Towards Secure AI Week 48 – Multiple OpenAI Security Flaws

Secure AI Weekly + Trusted AI Blog admin December 6, 2023 85

OpenAI’s Custom Chatbots Are Leaking Their Secrets

Wired, November 29, 2023

The rise of customizable AI chatbots, like OpenAI’s GPTs, has introduced a new era of convenience in creating personalized AI tools. However, this advancement brings with it significant security challenges, as highlighted by Alex Polyakov, CEO of Adversa AI. These custom GPTs, while versatile in applications ranging from remote work advice to academic research assistance, have shown vulnerabilities in safeguarding user-provided data and setup instructions.
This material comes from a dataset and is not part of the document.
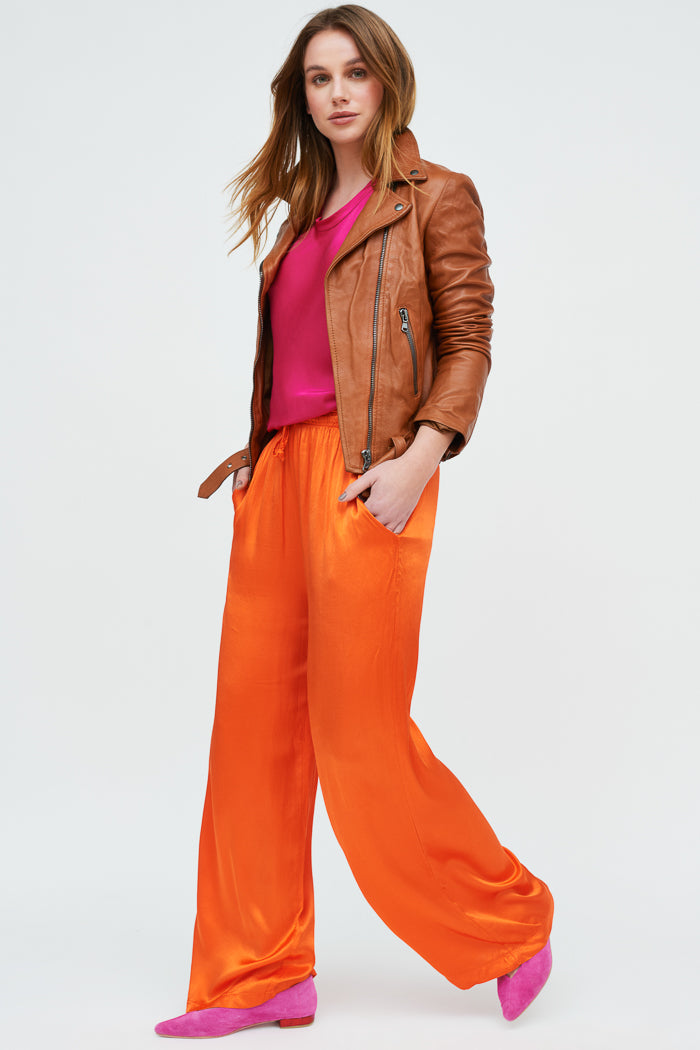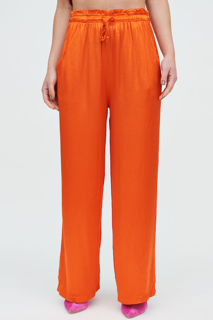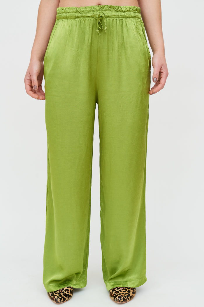 Pantalón largo de viscosa italiana, con bolsillos, pretina elasticada y amarra a la cintura.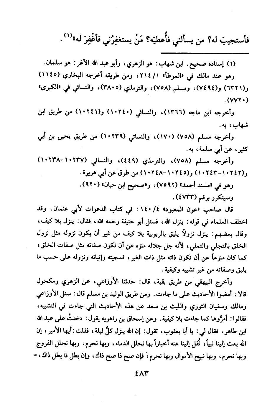 وأخرج البيهقي من طريق بقية، قال: حدَّثنا الأوزاعي، عن الزهري ومكحول قالا: أمضوا الأحاديث على ما جاءت. ومن طريق الوليد بن مسلم قال: سئل الأوزاعي ومالك وسفيان الثوري والليث بن سعد عن هذه الأحاديث التى جاءت في التشبيه، فقالوا: أمروها كما جاءت بلا كيفية. وعن إسحاق بن راهويه يقول: دخلتُ على عبد الله ابن طاهر، فقال لي: يا أبا يعقوب، تقول: إن الله ينزل كلَّ ليلة، فقلت: أيها الأمير، إن الله بعث إلينا نبيا، نُقل إلينا عنه أخباراً بها نحلل الدماء، وبها نحرم، وبها نحلل الفروج وبها نحرم، وبها نبيح الأموال وبها نحرم ,فإن صح ذا صح ذاك، وإن بطل ذا بطل ذاك،=

Polyakov’s insights into these security concerns are crucial, as they underscore the potential risks involved in the widespread use of these AI models.

Adversa AI, under Polyakov’s leadership, has been instrumental in revealing the ease with which sensitive information can be extracted from these GPTs. Their research demonstrates a critical flaw in the design of these systems: the susceptibility to “prompt injections.” This method, which involves manipulating the chatbot to disclose information it was programmed to keep confidential, initially bypassed restrictions against harmful content. However, Polyakov’s findings reveal a more profound issue, where attackers can access confidential data, including the GPTs’ instructions and knowledge base, with alarming simplicity. This vulnerability not only risks the exposure of sensitive user data but also raises the possibility of duplicating entire custom GPTs and compromising connected APIs.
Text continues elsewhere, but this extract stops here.